I spend a lot of time IDing these unknowns. For taxa I’m not familiar with, I find myself using the ID suggestions (especially if the photo is good and I think well-suited for computer vision). It would save me a lot of time if iNat would just do it automatically.

I see that one concern is that this would take a lot of computational time. Maybe it could be tested with really old observations (2+ years) to see if it is effective.

charlie · June 17, 2019, 12:53pm

I approved this because we are really backlogged on mod approvals since all of us aren’t really around right now. However, I think there is another topic where this idea is discussed. I just haven’t had time to find it. When we do we can merge it in.

I think this is an interesting idea and it has been discussed before. I don’t remember the results.

danaleeling · June 17, 2019, 1:17pm

Perhaps:
https://forum.inaturalist.org/t/automatic-computer-vision-ids/2074

charlie · June 17, 2019, 2:45pm

and that in turn links to https://forum.inaturalist.org/t/species-suggestions-for-the-wrong-continent/789

bouteloua · June 17, 2019, 3:14pm

Thanks, I commented on that General discussion directing them here, so interested parties can vote on this feature request if they so choose! :)

psyllidhipster · June 17, 2019, 3:20pm

I wouldn’t be against this as long as it provided only very coarse IDs to get obs out of unknown. Is it a plant? Insect? Bird? Fungus? Great! More specificity would probably just cause problems though.

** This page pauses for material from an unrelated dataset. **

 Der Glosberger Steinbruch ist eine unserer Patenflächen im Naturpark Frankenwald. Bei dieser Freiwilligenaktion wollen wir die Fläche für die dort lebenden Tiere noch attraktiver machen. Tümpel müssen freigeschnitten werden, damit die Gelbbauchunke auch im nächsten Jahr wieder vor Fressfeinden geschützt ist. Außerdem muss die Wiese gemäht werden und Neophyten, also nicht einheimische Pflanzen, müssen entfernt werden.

DianaStuder · June 17, 2019, 6:42pm

Rough categories would help.
Also someone has industriously been thru all the bougainvilleas from Cape Town’s City Challenge with a kind copypasta - you cannot ID to species with this photo. So the wrong species ID was useful to him.

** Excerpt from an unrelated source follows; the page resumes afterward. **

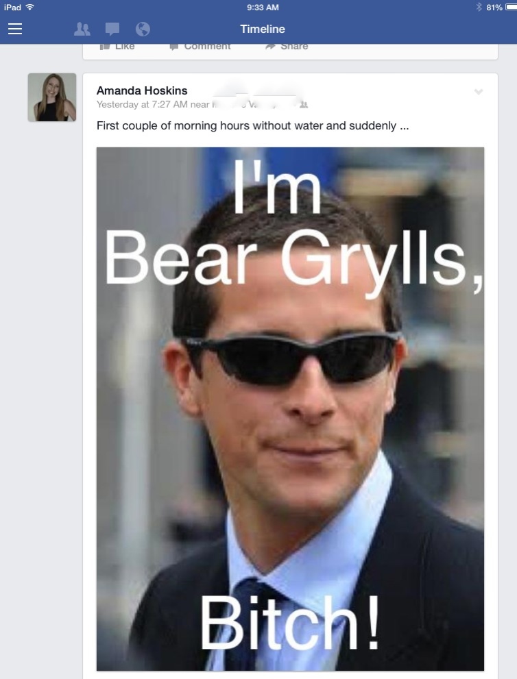Posted on September 7, 2014, in Humor, Uncategorized and tagged Bear Grylls, humor, turning water off, Water, water leak. Bookmark the permalink. 1 Comment.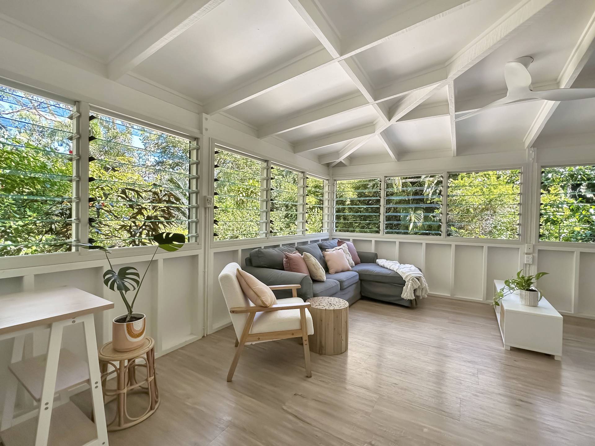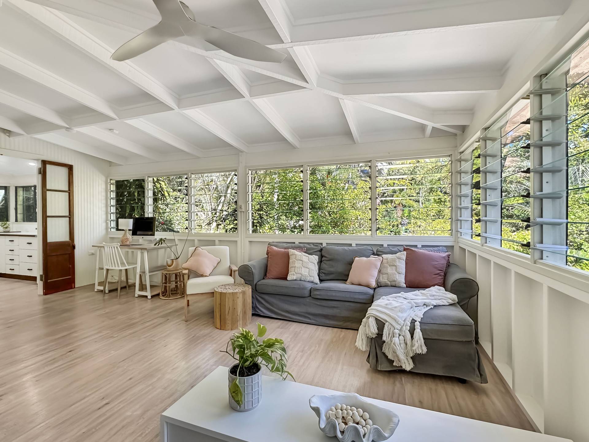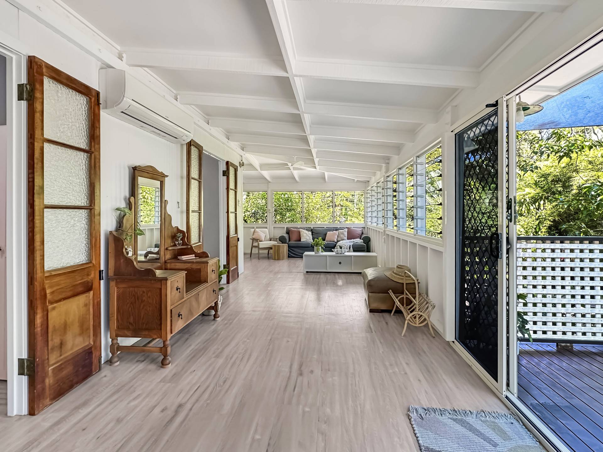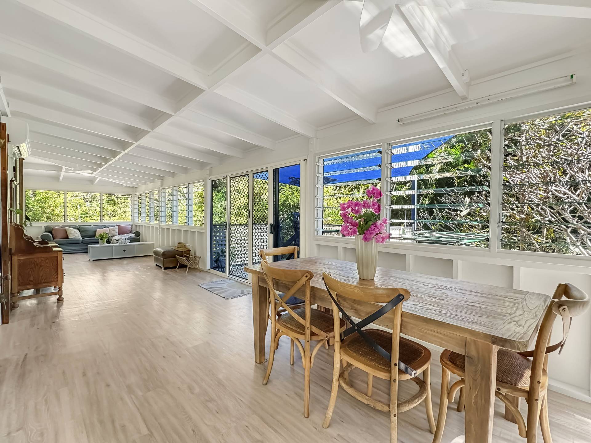 The home is a classic Queenslander design, perfect for the tropics, with the living area which wraps around three sides of the house fully enclosed with modern screened louvres so you can enjoy the space whatever the weather. There are two external decks too, both with lovely views of the garden and the trees and granite boulders that define Magnetic Island.

But iNat is pretty sure our arums are Arum, and it can take 5 votes for Zantedeschia to convince iNat - you are wrong despite being pretty sure.

clay_s · June 18, 2019, 4:44am

I think IDing down further would be more beneficial to getting things IDed to the best level. Wading through observations set to plant by a program, just to require grunt work of categorizing them further into Mosses, Liverworts, and Vascular Plants wouldn’t save much time, nor get very many more people involved at that stage of IDing

When I’m doing old unknowns, I open it, check if any notes indicate what the OP intended. Put it as far that direction as I can knowingly do so, copying and pasting the placeholder into a comment if it existed. If nothing, I decide if I have a clue, check reviewed if no clue, throw as far up the tree as I can otherwise. Vascular is further split into Conifers, Ferns, Monocots, and Dicots.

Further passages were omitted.